Monday, October 06, 2008

Um Ensaio sobre a Americanização

Foi

Se foi.

Que triste foi o fim, quero dizer, o começo da carreira de Blindness. E eu diria que seu maior pecado foi levar para o inglês um filme que deveria ter nascido em português.

Meirelles quer curtir a vida internacional; quer fazer filme globalizado. Disse no Roda Viva que seu futuro é o cinema internacional; que pro Brasil só presta TV. No entanto veste camiseta da Seleção em entrevista gringa pra dizer que não é da laia deles; Fernando não está nem aqui nem lá.

Pés em dois mundos, porém em nenhum deles. Foi assim que Fernando entregou um filme indeciso; justamente em um tema em que se exige comprometimento sem concessões. Ele abriu a ferida mas achou mais rentável mostrar o lado doce.
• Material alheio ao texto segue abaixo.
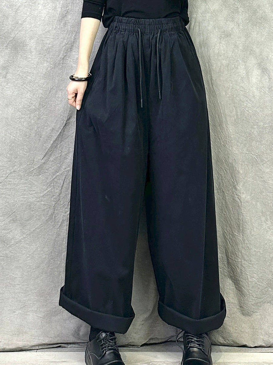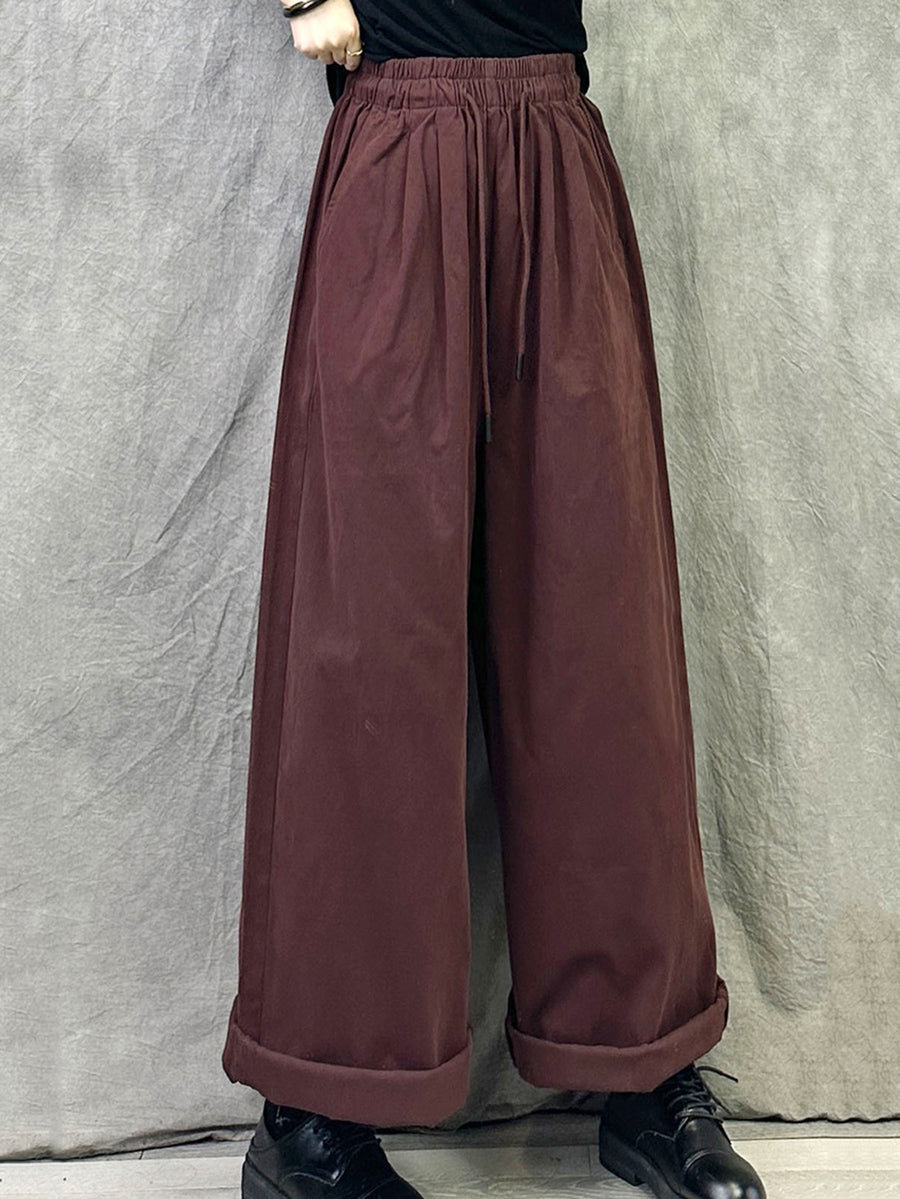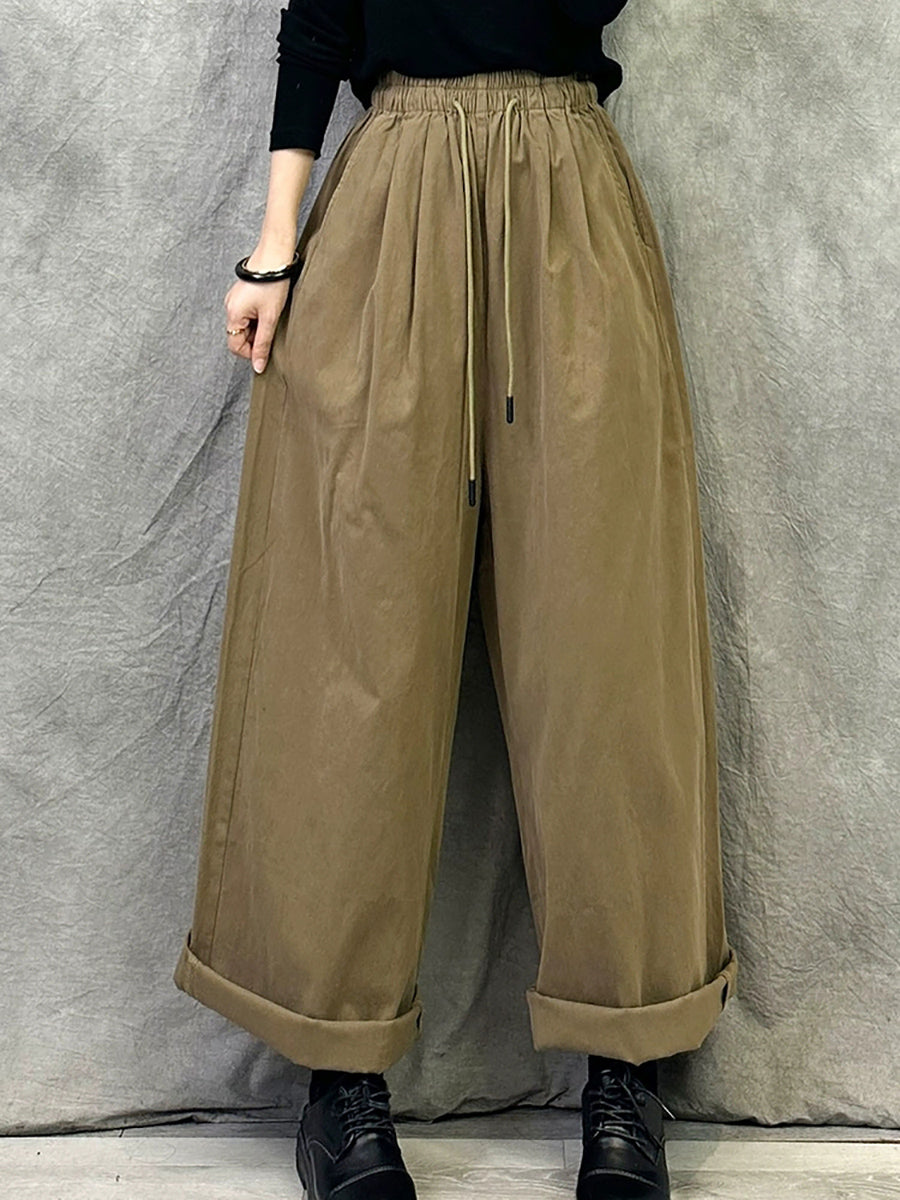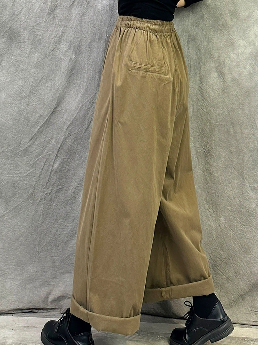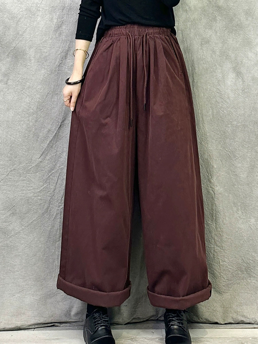 Calça feminina de inverno retrô de cor lisa com pernas largas
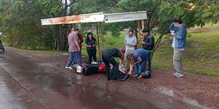 Esta tarde en Posadas,  una mujer que circulaba en una motocicleta Motomel S2 150cc. sobre la ruta  12, a la altura del Parque del Conocimiento,  despistó y cayó inconsciente , en cercanías de una parada de colectivos urbano de pasajeros.
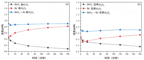 圖3:各種溴酸鹽與不存在和存在過氧化氫的情況下的濃度(a)有過氧化氫,(b)沒有過氧化氫。
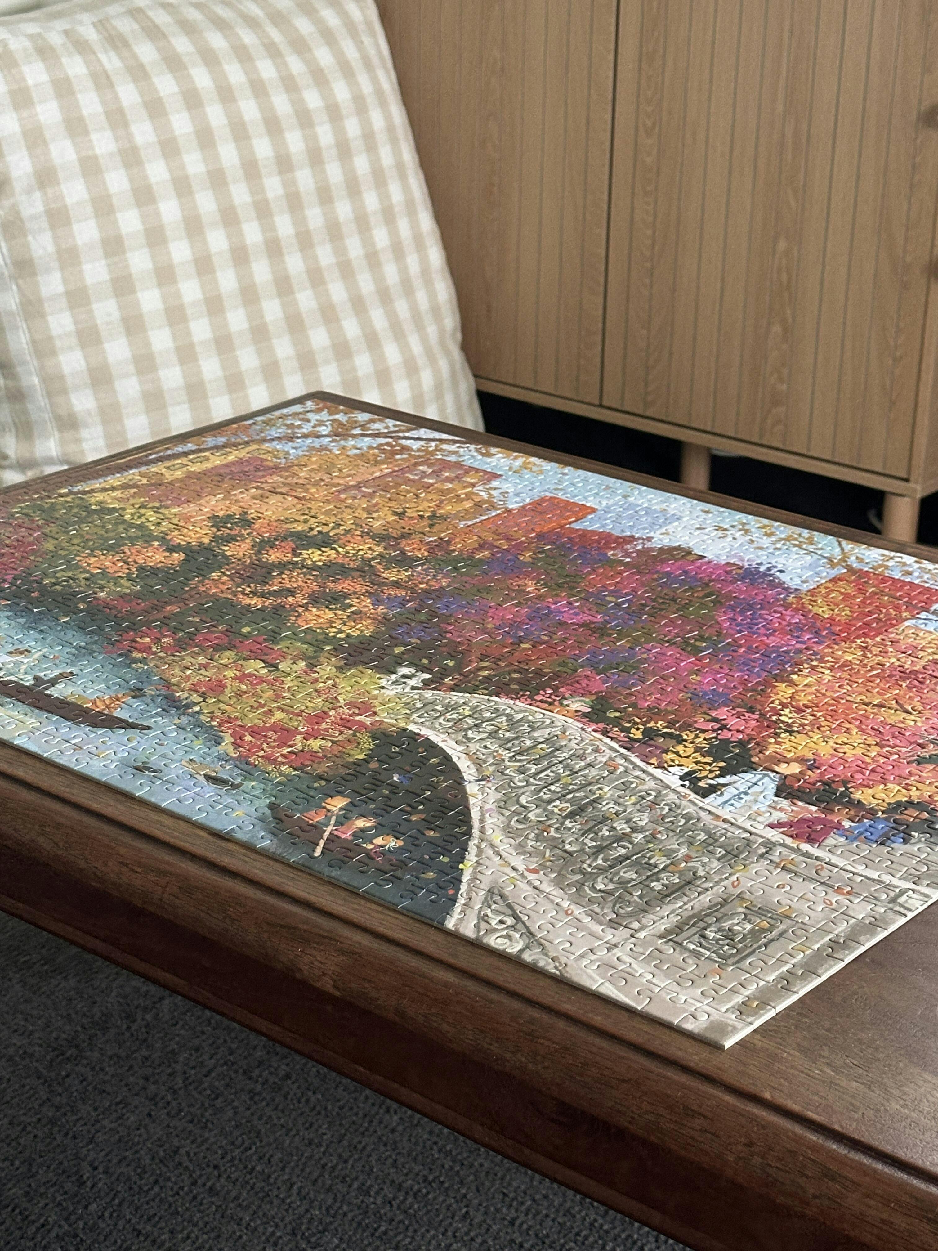 Experience the artistry of Joy Laforme with this challenging 1000-piece puzzle featuring the iconic Bow Bridge in autumn splendor. Perfect for puzzle enthusiasts, this meticulously designed puzzle showcases vibrant fall colours and intricate details that bring Central Park's famous landmark to life.
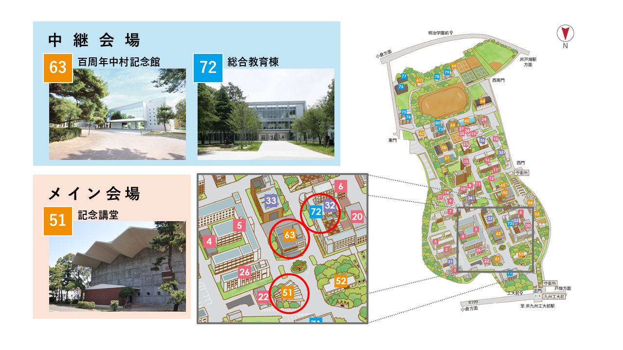 係の者の誘導により、中継会場(百周年中村記念館または、総合教育棟)にご入場下さい。
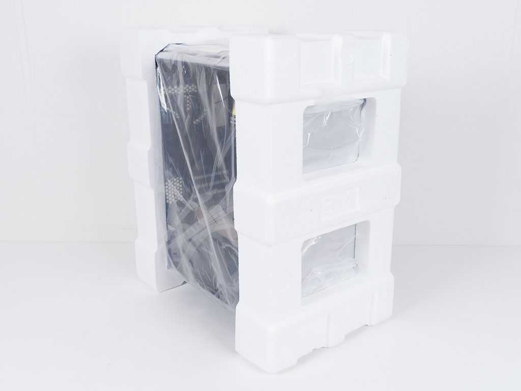 Две толстые прокладки из пенопласта удерживают корпус на месте и сохраняют его при транспортировке, а прозрачный пластиковый пакет защищает устройство от отпечатков пальцев и царапин.
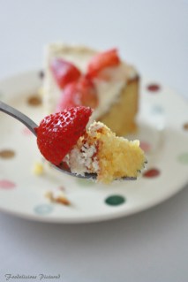 You can decorate the cake with fresh fruits or the frosting of your choice. I have used Coconut cream cheese frosting.
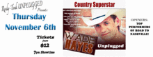 Country Chart Topper Wade Hayes will be performing an unclose and personal acoustic show at the Rocky-Tonk in Medford Or on Thurs Nov 6th. Opening the show will be contestants from our "Road to Nashville" competition. Hayes has had 6 top 10 hits on the billboard charts and 'old enough to know better' went #1 The show is 21+ Thursday night Nov 6th at 7:30 pm
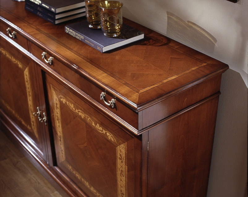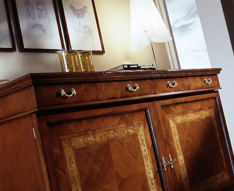 Wahl des Holzes: Es werden unterschiedliche Essenzen verwendet, die jeweils die Einrichtungselemente aufwerten, die durch bestimmte Inlays und Schnitzereien bereichert werden. Die Verwendung von Massivholz erster Qualität gewährleistet über die Jahre eine spürbare Qualität und Haltbarkeit.
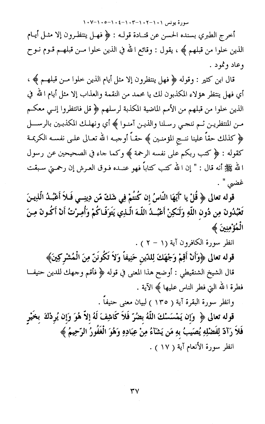 قوله تعالى (وَأَنْ أَقِمْ وَجْهَكَ لِلدِّينِ حَنِيفًا وَلَا تَكُونَنَّ مِنَ الْمُشْرِكِينَ)

A equação não fecha: ele tentou manter sinais opostos nos dois lados da igualdade.

O filme desabou no Box Office.

Almodóvar nunca abandonou a Espanha e o espanhol. Blindness era para se chamar O Ensaio Sobre a Cegueira com Fernanda Torres no lugar da Juliane Moore com menos de um quarto do budget de um Weinstein. Podia ser até Claudia Raia. O mundo queria sabores diferentes e lhe foi entregue no lugar um produto pasteurizado em screenings embalado em thriller que não chega lá porque nem mesmo quer ser um thriller.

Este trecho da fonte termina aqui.